5. Color and plumage patterns

It is perhaps surprising that the section of color and plumage patterns is near the end. The fact is that the coloration of a bird is perhaps the aspect leading to most confusion. The color of feathers in the field is affected by the light, the angle, and distance from where the bird is seen. In addition, the plumage of a bird varies with sex, age, and time of the year. Unless the bird has a unique coloration like that of a Vermillion Flycatcher (Pyrocephalus rubinus) it is likely that there are several species with a similar plumage.

Ideally, color and plumage patterns should be used as additional information to the shape, size, behavior, and bird habitat where the sighting is made.

Read about plumage aberrations such as Bird Leucism, Bird Melanism, Bird Albinism, Bird Xanthochromism.

6. Location and elevation of the Sighting

Just as each species of bird uses a specific type of habitat, they are also restricted to different elevations above sea level and regions. Several species of birds are very similar y size, behavior, habitat use and appearance, but occur in separate regions and elevations. Thus, taking note of the region and elevation where one is observing birds will help to define which of the similar species is more likely to occur in such location.

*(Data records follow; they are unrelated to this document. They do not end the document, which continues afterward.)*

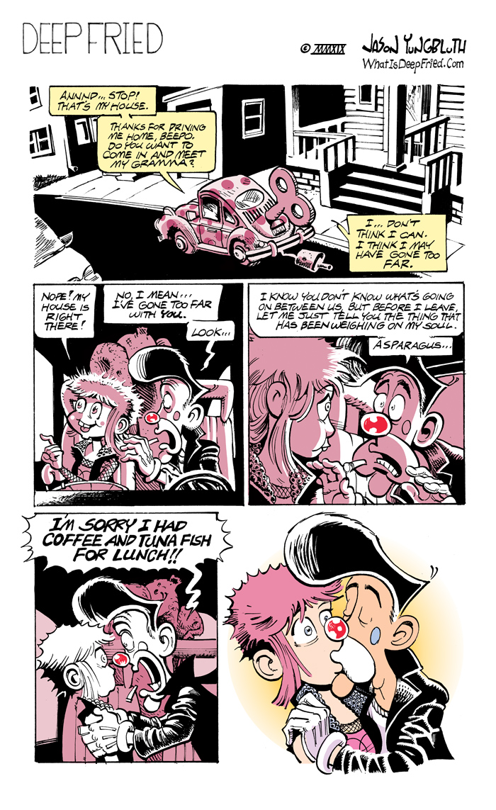 Wow! What a development! Now keep holding your breath: Next week’s cartoon is on hold while I dive deep into some Weapon Brown business. The sure-to-be-talked-about follow through will arrive two Fridays from now!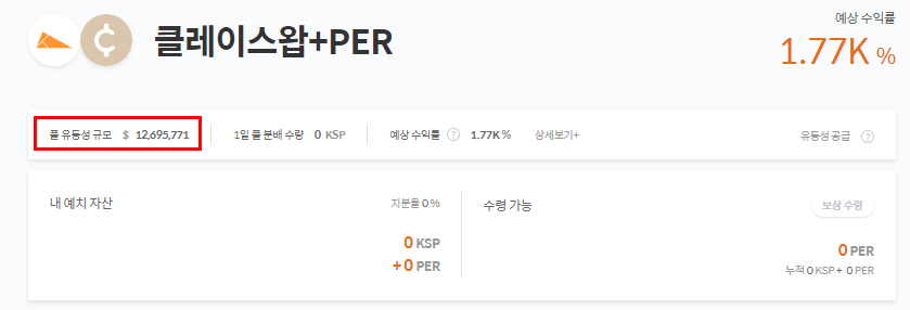 KSP-PER Pool의 유동성 규모는 총 12,701,499 달러입니다.
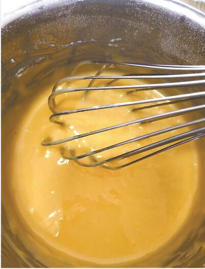 将蛋黄加入拌好的面糊里,拌均匀成蛋黄糊。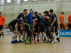 A mérkőzés búcsúztatással indult: utolsó mérkőzése volt ez Füzesi Csabának, akiktől a társak meglepetéssel köszöntek el. Az ünnepi hangulat a mérkőzésen is folytatódott: agilisen kezdett a hazai csapat, már az első percben több védést kellett bemutatnia a vendégek kapusának, Szuri Zoltánnak. A hazai fölényt Végh Ádám váltotta gólra, majd Pál Lóránt találatával már 2:0-t mutatott a tábla. A 11. percben Németh Richárd góljával szépítettek a vendégek, ám Végh Ádám újabb találatával ismét kettő volt közte (3:1). A játékrész közepére a vendégek is megérkeztek a meccsbe: Ignéczi Balázs majd Pirik Dávid góljaival egál lett, majd szünet előtt az első emberelőnyt góllal használták ki a vendégek: Németh Richárd góljával a vendégek kerültek előnybe (3:4).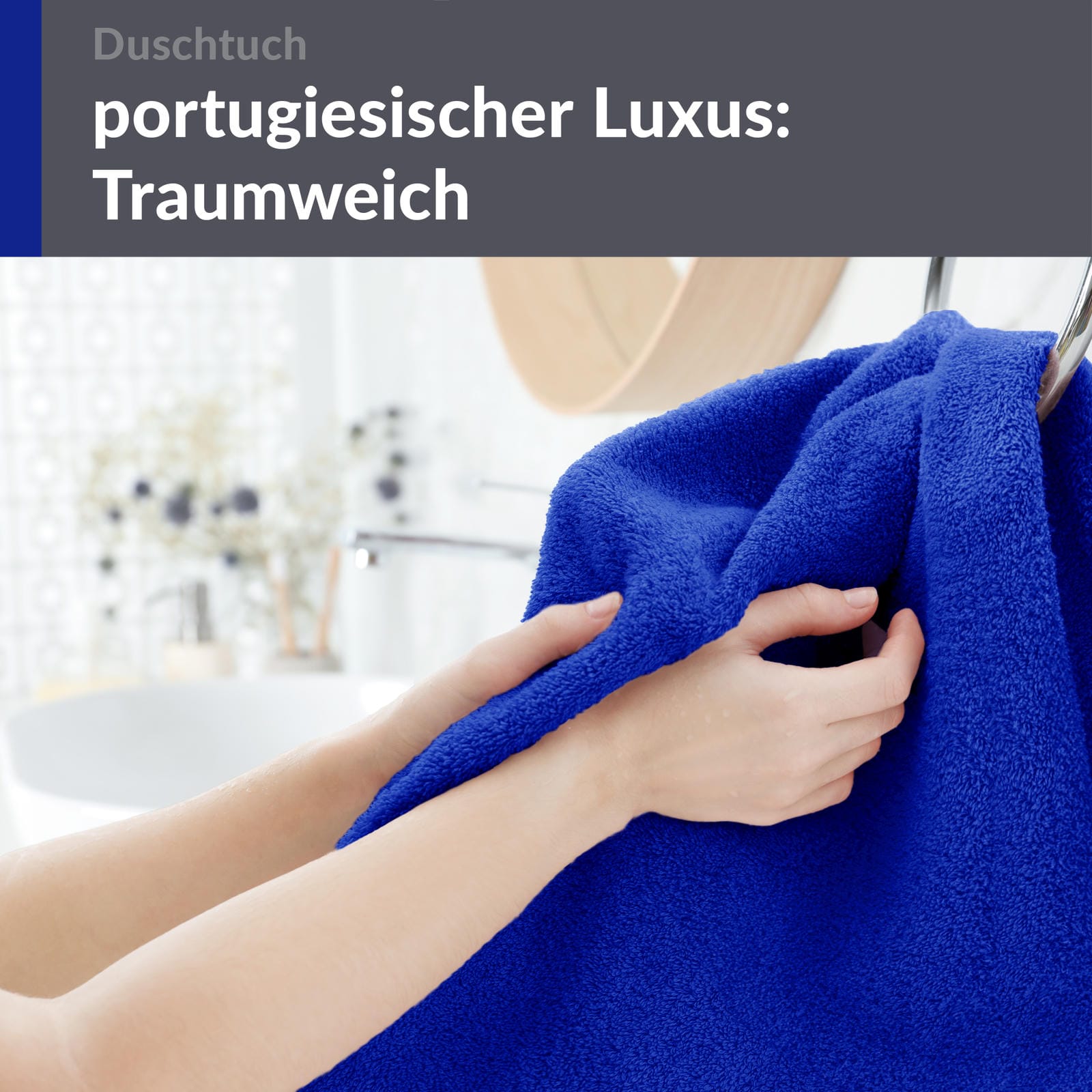 STRAHLENDES AZUR BLAU - Verleihen Sie Ihrem Badezimmer mit diesem hochwertigen Lashuma London Duschtuch 70x140 cm in intensivem Azur Blau eine frische und maritime Note, inspiriert vom klaren Himmel über dem Meer.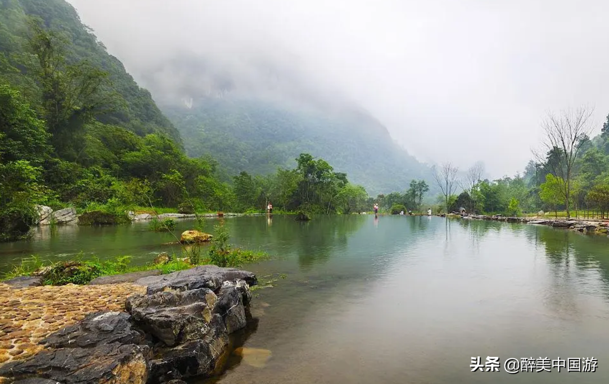 鸟瞰景区,河道两岸五老峰与观音岩鼎足而立,石笋岩犹如活灵活现的纱帽一般呈现在眼前,令人瞠目结舌。尤其是洞潭峡瀑与槽潭雄潭形成一幅相辅相成的绝美景观,只有置身其中,才能真正感受到它奇特的魅力。尤其是猴王远眺和巨象迎宾,以及仙鲤朝天,栩栩如生,巧夺天工,双仙下凡如此状物拟人,惟妙惟肖,纱帽岩更是拥有异曲同工之效,也许天下绝境和宇宙之谜才能够在这里得以体现,令人赞口不绝,回味无穷,无不感叹大自然的鬼斧神工。除此之外,在中洋与下洋之间,有一条近百米长的天然滑道,号称天然冲浪的游泳池,即使赤身游玩,也不会伤到肌肤,而且河床色彩斑斓,水蚀波痕,体验感绝佳。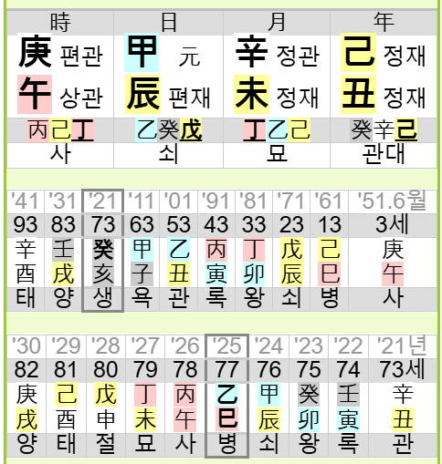 갑목이고, 진토 아래 을목이 갑목에 힘을 보탠다. 더운 미월생인데 더운날에는 수분이 필수다. 미토의 정화가 갈증을 느낄 정도로 덥게 느껴지지만 진토 아래에 계수가 있으니 나름대로 좋다.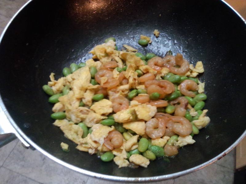 4:虾仁差不多炒熟时倒入鸡蛋,继续翻炒,加入适量盐和鸡精,一盆香喷喷的虾仁鸡蛋毛豆就炒好啦。

The Cinereous Finch (Piezorina cinerea) (Right) is very similar to the Slender-billed Finch (Xenospingus concolor) (Right), but it would not be expected to see them together since each species is only found in different regions.) Photos: Enrique Kindliman.

Final Remarks

A problem commonly seen among people beginning with birds is that when they see a bird they immediately take the Guide to identify it based mainly on the colors of the bird. This strategy is more likely to result in frustration with so many possibilities of birds with similar colors and shapes.

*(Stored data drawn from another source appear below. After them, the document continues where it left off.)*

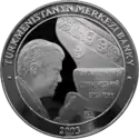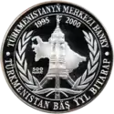 | Аверс: портрет Туркменбаши, оливковые ветви, надпись на туркм. TÜRKMENISTANYŇ ILKINJI WE ÖMÜRLIK PREZIDENTI SAPARMYRAT NYÝAZOW. Реверс: Монумент нейтралитета, оливковые ветви, номинал и даты «1995 2000» на фоне карты Туркмении, название банка-эмитента, надпись на туркм. TÜRKMENISTAN BÄŞ ÝYL BITARAP. Гурт рубчатый. Номинал: 1000 манатов. Материал: золото-917. Масса: 7,98 г. Диаметр: 22,05 мм. Тираж: [уточнить] |
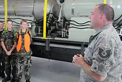 Air Force Reserve Technical Sgt. Mike Lamantia explains the C-130 Modular Aerial Spray System (MASS) to a group of Ohio Civil Air Patrol cadets.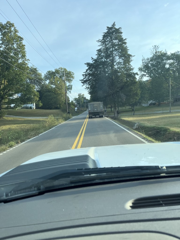 At any rate he had just left a field when a fellow started the tailgating/weaving deal. Then he added in the finger…..and hanging out the window and shouting. (I can only imagine what he was shouting wasn’t “Good job farmer buddy!”)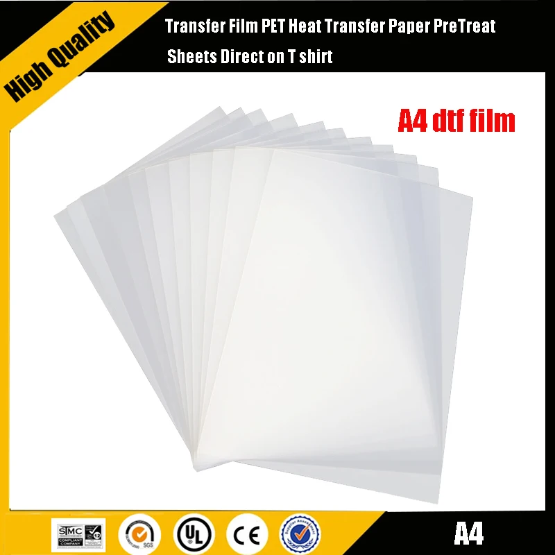 Película A4 DTF, película de impresión de inyección de tinta Digital, película de transferencia de espesor 75U, papel de transferencia de calor para mascotas, hojas de pretratamiento directo en la camiseta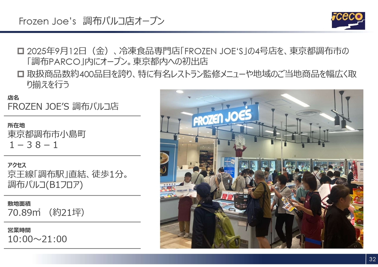 最後に「FROZEN JOE'S 調布パルコ店」の開店についてご報告します。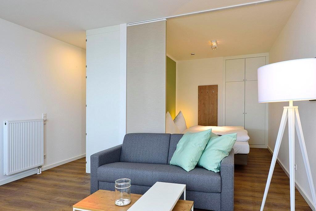 Das Apartment verfügt über ein Wohn-Schlafzimmer mit Doppelbett und Einzelschlafcouch, einen großen Flatscreen-TV und eine HiFi-Anlage. Der Schlafbereich mit dem Doppelbett lässt sich durch ein Schiebeelement vom Wohnbereich separieren. Ein Kinderbett kann gegen Entgelt im Wohnbereich aufgestellt werden.
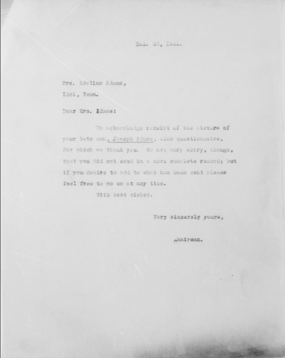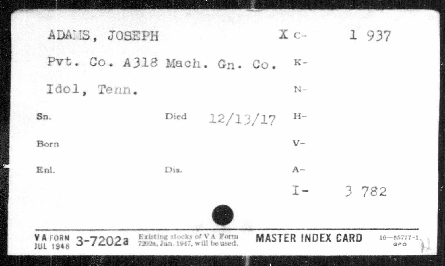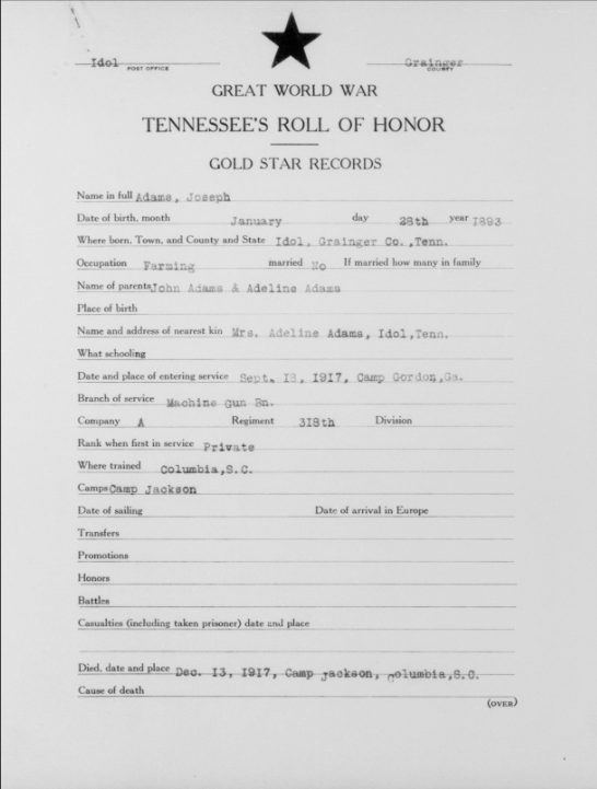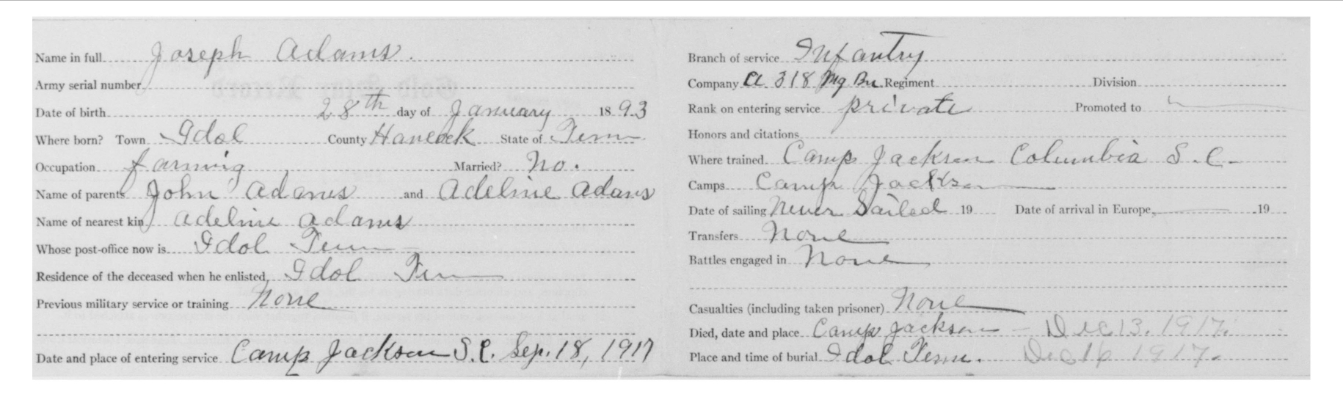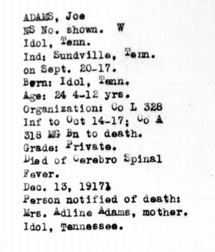 Joseph “Joe” Adams was born in Idol, Tennessee. He died at the age of 24 at Camp Jackson, Columbia, SC of cerebro spinal fever.

It is better to take a strategy based on aspects that range from the most general (groups) to the most specific such as colors of the plumage, region, and elevation of the sighting.

The good thing about this approach is that the Guides are organized in groups and take a similar approach to identify birds. This is to say that ducks are with other ducks, and parrots with other parrots. Additionally, books have a description for each group of birds and a refined description for each species. If one adopts the approach proposed in this article, it is more likely that with the help of a Guide you will arrive at the correct identification of the bird.

It is quite likely that one will make mistakes, but even experts make mistakes. Asking people who have more experience will help you sort through the many possibilities and help learn to identify birds faster. Once you learn a group of birds or the bird community of a particular habitat type you will notice a bird you have not seen there before and repeat the process to identify it.

With time and patience, you will find that you know the birds at your favorite locations and will want to explore new locations and habitats for new challenges. The anticipation during the period of preparation to bird a new location and the moment you see and identify the bird is one of the most rewarding aspects of birding. So pick up a Guide and go through these steps. Who knows where in the world new locations, habitats, and birding challenges will take you.